Records contained in a dataset:
-*-
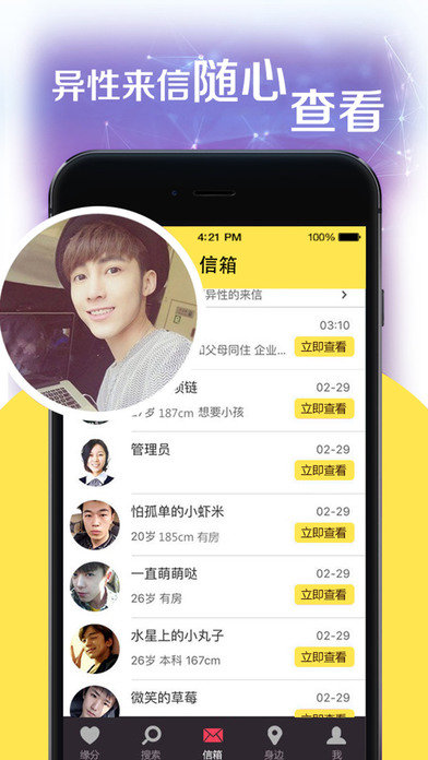 秒约app是一款时下非常火爆的同城约会交友聊天工具。有ta在手,寂寞时刻谈情说爱,随时随地。异性来信,随心查看,方便快捷。
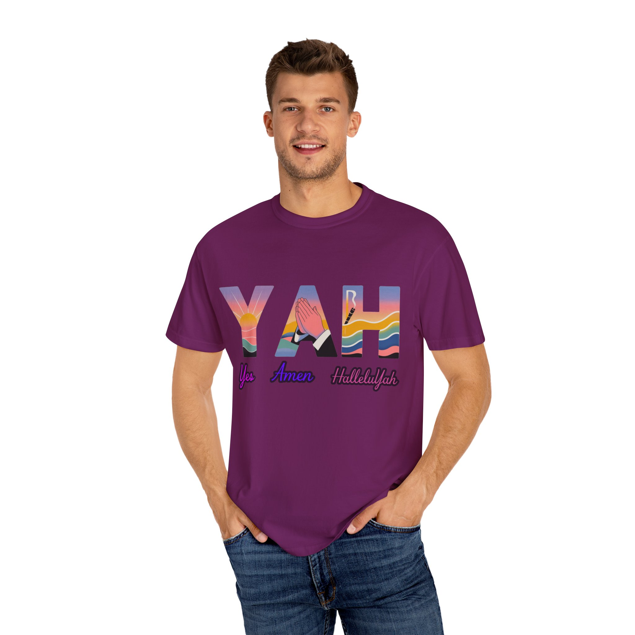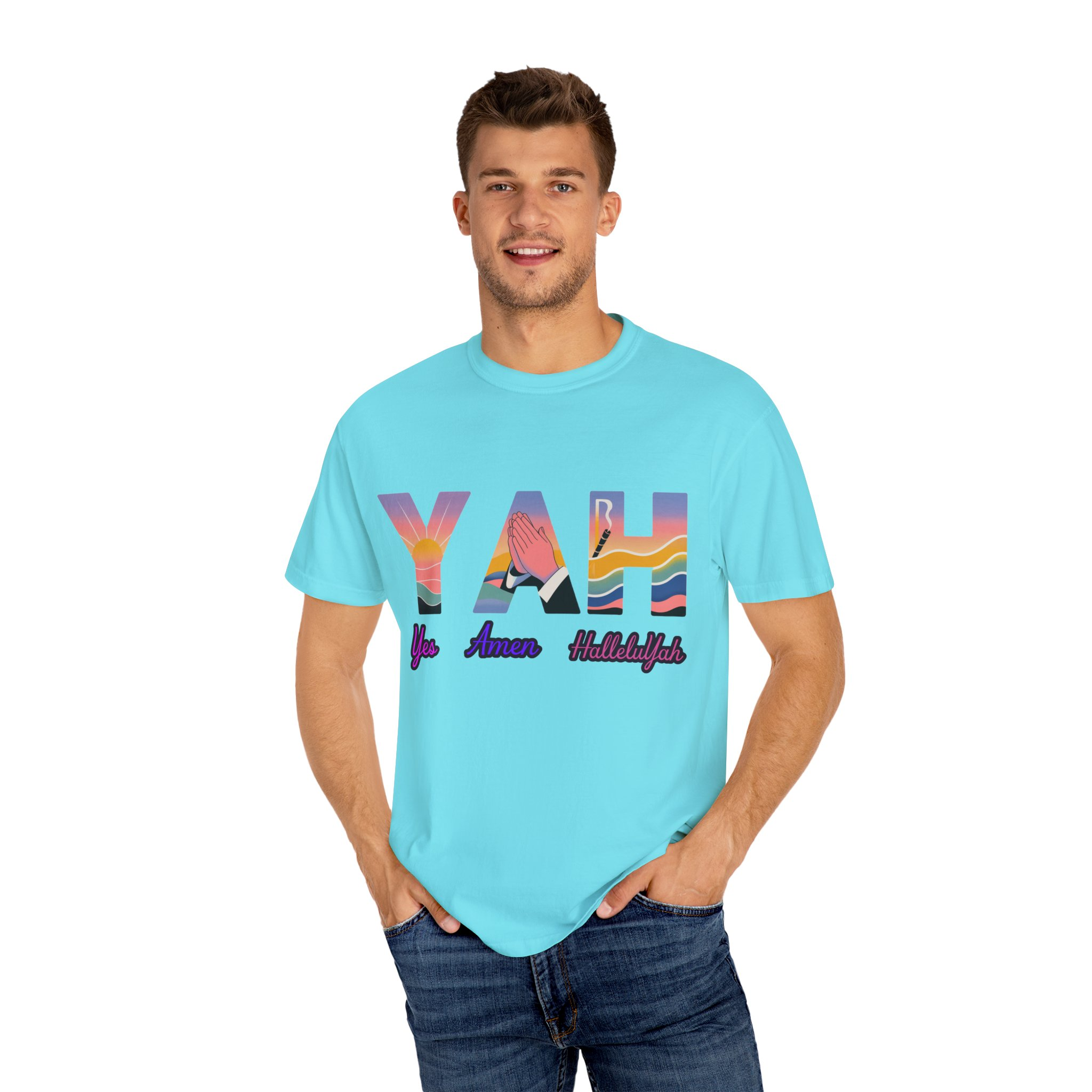 YAH! — Yes, Amen, HalleluYah! This vibrant summer tee bursts with praise for the Most High, perfect for Messianic believers who want their wardrobe to declare the name of Yahuah.
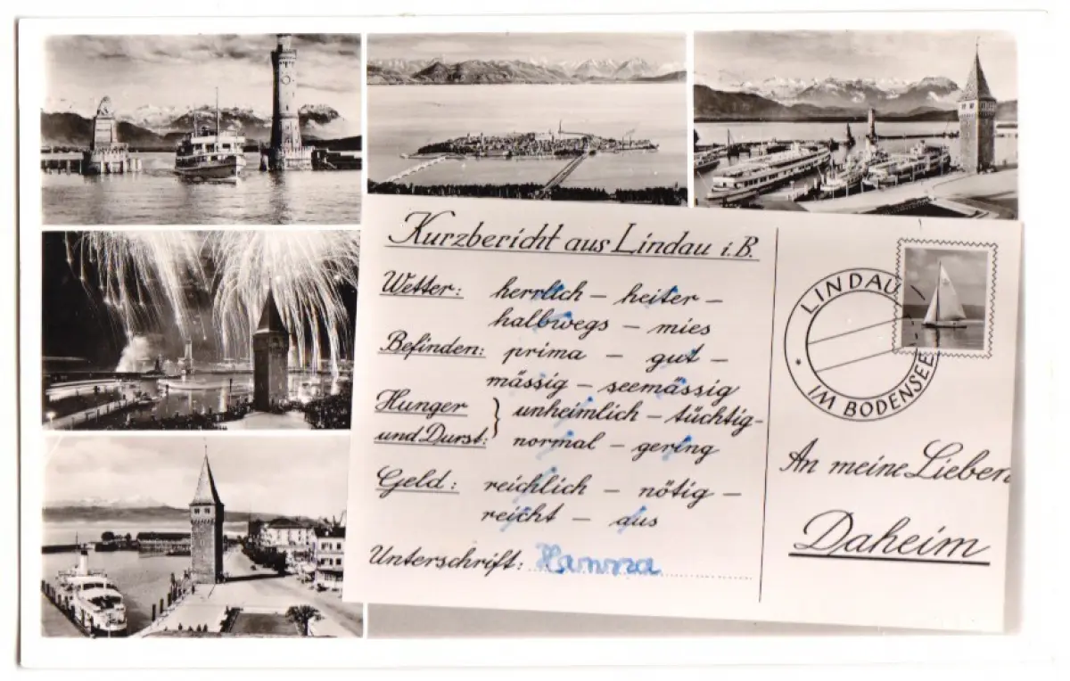 Ansichtskarte Lindau Bodensee Kurzbericht aus Lindau Bodensee, fünf Abb., gestaltet Erhaltung I-II postalisch gelaufen, ungestempelt: um 1958 Verlag: Gebr. Metz, Tübingen
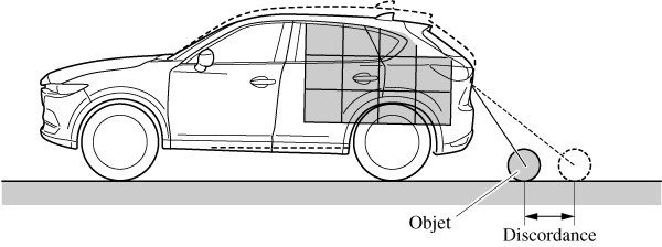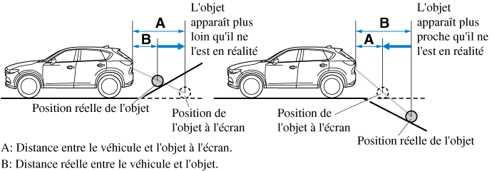 Lorsqu'il y a une pente raide montante (ou descendante) derrière le véhicule, l'objet affiché à l'écran apparaît plus loin (ou plus près en cas de pente descendante) qu'il ne l'est en réalité.
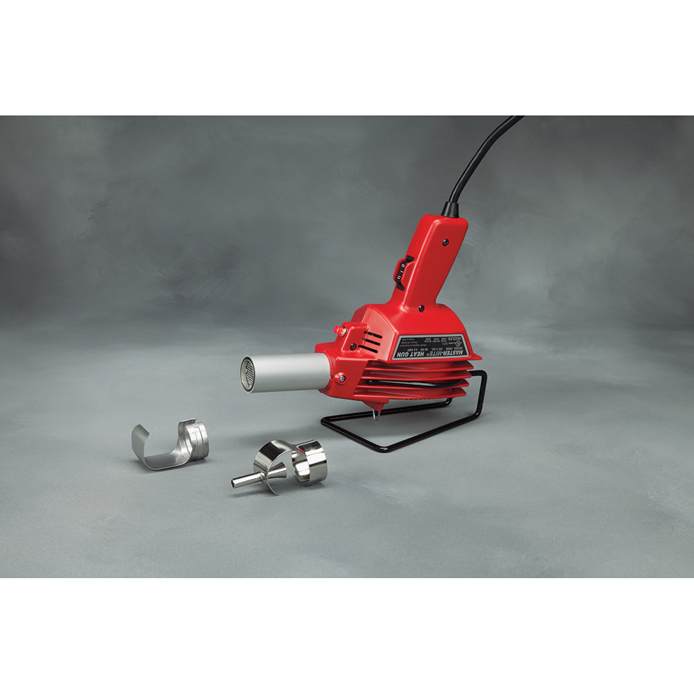 Convenient heat gun is quiet and lightweight. Heat Gun is designed for use with all types of thermoplastic materials. Heating element is rated to 650°F (343°C) and uses only 4.5 amps. The 120 volt model has a three-pronged plug. Includes bench stand for hands-free use. Asbestos free. Latex free. One year warranty.
-*-
Work instruction - Exact copy, pictures excluded: restate every record above word for word.

Answer section -
 秒约app是一款时下非常火爆的同城约会交友聊天工具。有ta在手,寂寞时刻谈情说爱,随时随地。异性来信,随心查看,方便快捷。
 YAH! — Yes, Amen, HalleluYah! This vibrant summer tee bursts with praise for the Most High, perfect for Messianic believers who want their wardrobe to declare the name of Yahuah.
 Ansichtskarte Lindau Bodensee Kurzbericht aus Lindau Bodensee, fünf Abb., gestaltet Erhaltung I-II postalisch gelaufen, ungestempelt: um 1958 Verlag: Gebr. Metz, Tübingen
 Lorsqu'il y a une pente raide montante (ou descendante) derrière le véhicule, l'objet affiché à l'écran apparaît plus loin (ou plus près en cas de pente descendante) qu'il ne l'est en réalité.
 Convenient heat gun is quiet and lightweight. Heat Gun is designed for use with all types of thermoplastic materials. Heating element is rated to 650°F (343°C) and uses only 4.5 amps. The 120 volt model has a three-pronged plug. Includes bench stand for hands-free use. Asbestos free. Latex free. One year warranty.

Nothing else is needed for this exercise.